投稿日:12.05.2014|カテゴリー:Blog|コメント・トラックバック:0件

月から地球を眺めると建築物をひとつだけ見つけることができます。

それは中国にある  《 万里の長城 》   なのですよ。


この建築物の長さは6千㎞とも8千㎞とも言われており、様々な説が飛び交っているようですね。

万里の長城は秦の始皇帝が中華統一を成し遂げた後、異民族からの防衛の為に建てられたのが始まりだそうです。

その後、明の代まで長い年月を掛けて現存する万里の長城が作られました。

明の代では石とレンガで築かれておりましたが、それ以前は   両側に板を立てて、その上から土を詰め込み、杵などで突き固める工法   で作られていたそうです。


この工法こそ、 【 版築 】  の元祖なのですよ。


(株)オオタで施工した薪ストーブ周りの版築




版築の硬化メカニズムは西洋の水硬性石灰に近いものがあります。

土だけだと強度が弱いので、  石灰や苦汁などを混入してポゾラン反応を起こさせ、強度を格段にアップさせる  ようです。

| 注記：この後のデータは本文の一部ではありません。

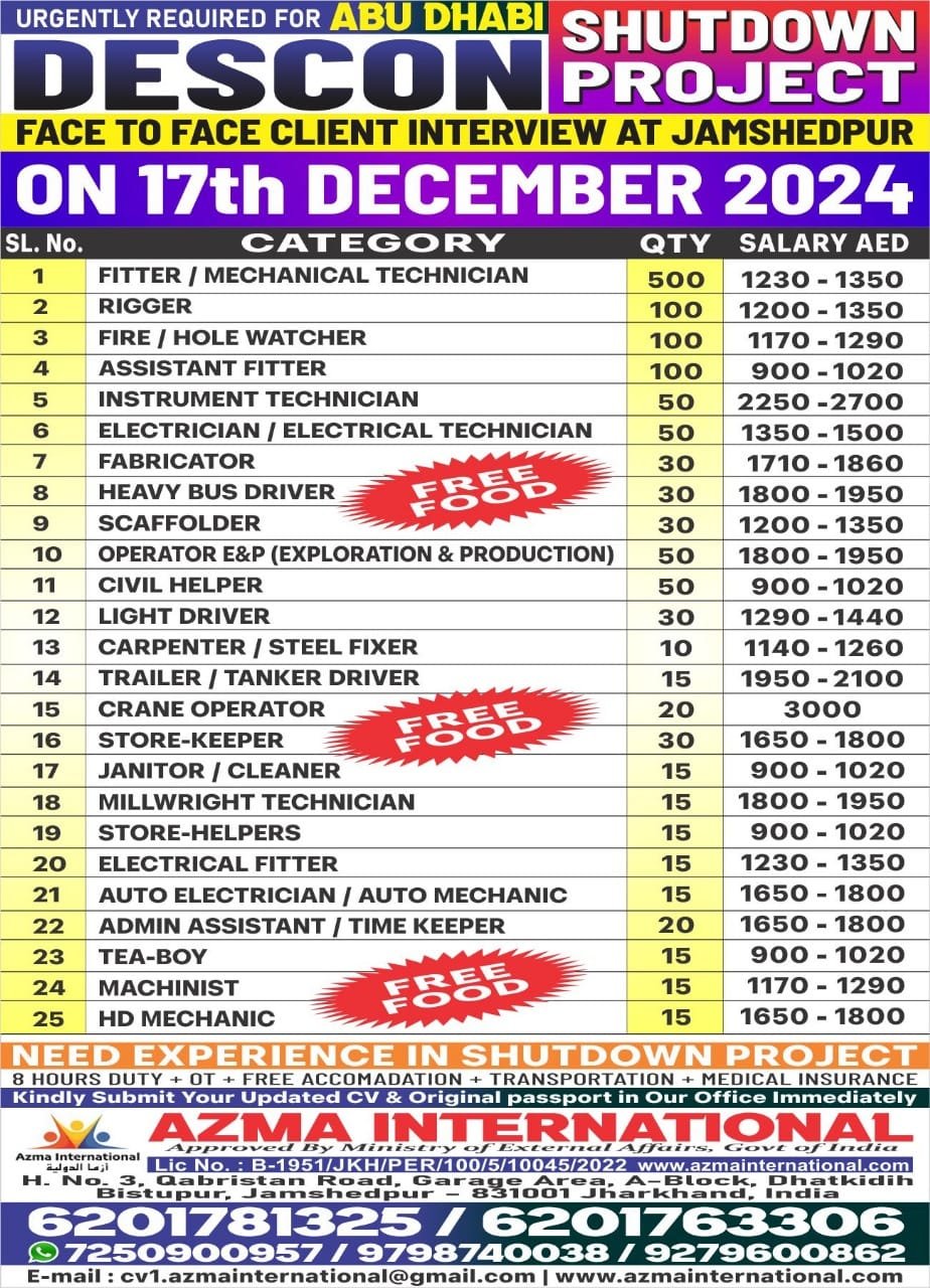 Urgent Requirement for SAUDI ARABIA AL DEYABI GROUP OF COMPANY – Client Interview At Jamshedpur on 4 DECEMBER 2024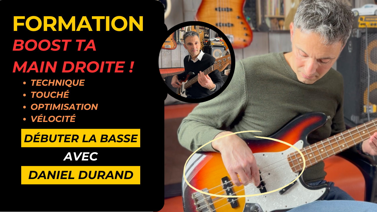 La main droite (pour un bassiste droitier) est la main qui pose le rythme (placements), qui donne la qualité du son mais aussi le volume sonore.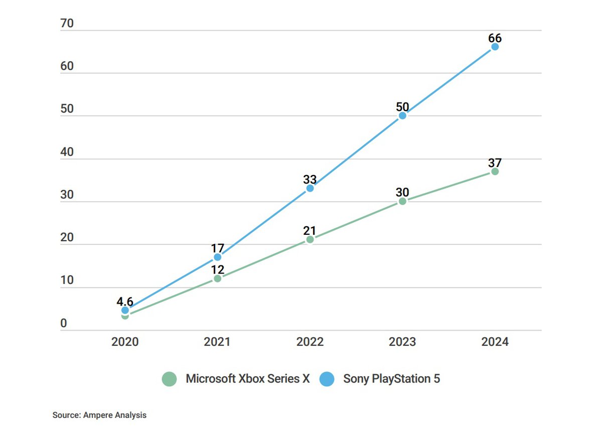 Аналитики ожидают, что до конца 2020 года будет продано 4.6 миллиона PlayStation 5 и 3.3 миллиона Xbox Series X. К 2024 году число проданных PlayStation 5 достигнет 66 миллионов, показатели Xbox Series X будут почти вдвое меньше.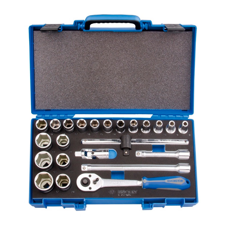 Набор известного бренда King Tony используется при проведении работ с различными крепежными соединениями. Широко применяется на производстве, станции техобслуживания и в автосервисе. Комплект состоит из торцевых шестигранных головок, двух удлинителей, кардана, скользящего воротка и трещотки флажкового типа. Пластиковый кейс выполнен из высокопрочного материала ЭВА, способного восстанавливать свою форму после деформации. Инструменты изготовлены из хромованадиевой стали, устойчивой к износу и коррозии.
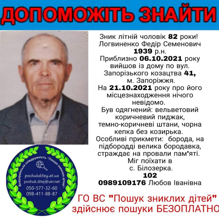 Как сообщает Всеукраинское содружество “Поиск пропавших детей”, Логвиненко Федор Семенович приблизительно 6 октября ушёл из дома по ул. Запорожского казачества, 41. На сегодняшний день о его местонахождении ничего неизвестно.

日本でも外部で使われる事もありますが、その配合比は難しく職人の経験に左右されるので、手っ取り早く  セメントを混入する 人もいると聞きます。

これが 「 本物の版築か? 」 と賛否両論もありますが、そこは施主や設計士に判断してもらうのが良いかもしれませんね。


版築は施工法が単純な為、世界中で見る事ができ、日本でも土塀などはこの工法で施工されている事が多いです。

近年でも愛知県常滑市にあるINAX・ライブミュージアムの 《 土・どろんこ館 》 が外壁に施工されました。

そのスケールはとてつもなく凄いですよ。


INAX・ライブミュージアム 《 土・どろんこ館 》  で見かけた巨大な版築の壁





ここ最近は、 層によって色土を変える多色の版築が主流  となってきました。

好みによって色を変えられるので、一般受けが良いようですね。

私自身は  単色の版築のほうが、派手さはないけど土の素朴な美しさがある   ので好きなのですが・・・

これは好みなので、施主や設計士次第でありますね。



本物の版築ではありませんが、版築風の仕上げとしてここ最近、人気なのが、

《 地層仕上げ 》  と   《 塗り版築 》  です。




こちらも色々な施工法がありますが、版築のように地層をイメージさせる仕上げです。

ただし、本物の風合いには及びません。

本物が施工できる条件ならば、なるべく本物の版築をお勧めしますよ。


版築は私自身もまだまだ施工経験が少ないですが、もっと仕事に繋げていきたい仕上げのひとつであります。

愛知県一宮市のほうでも、ドンドン提案していきたいです。








左官の仕事~ 巾木ブラッシング仕上げ

投稿日:11.20.2014|カテゴリー:Blog|コメント・トラックバック:0件

建物の基礎巾木にこだわる人は多くないですよね。

コンクリート打ち放しのままで、その上に何も施工しない事も少なくありません。

左官仕上げで施工といっても 《モルタル》 か 《薄塗り補修》  で、 “金鏝仕上げ”  か  “刷毛引き仕上げ”  といったところでしょうか。

巾木は脇役であり、施工の選択肢が非常に少ない場所と言えます。


たしかに巾木で目立つ仕上げをしてしまうと建物全体のバランスを崩しかねません。

しかし、主役(外壁や外構)を引き立てる脇役として、左官の仕上げが モルタル や 薄塗り補修 では少し寂しい気がしますよね。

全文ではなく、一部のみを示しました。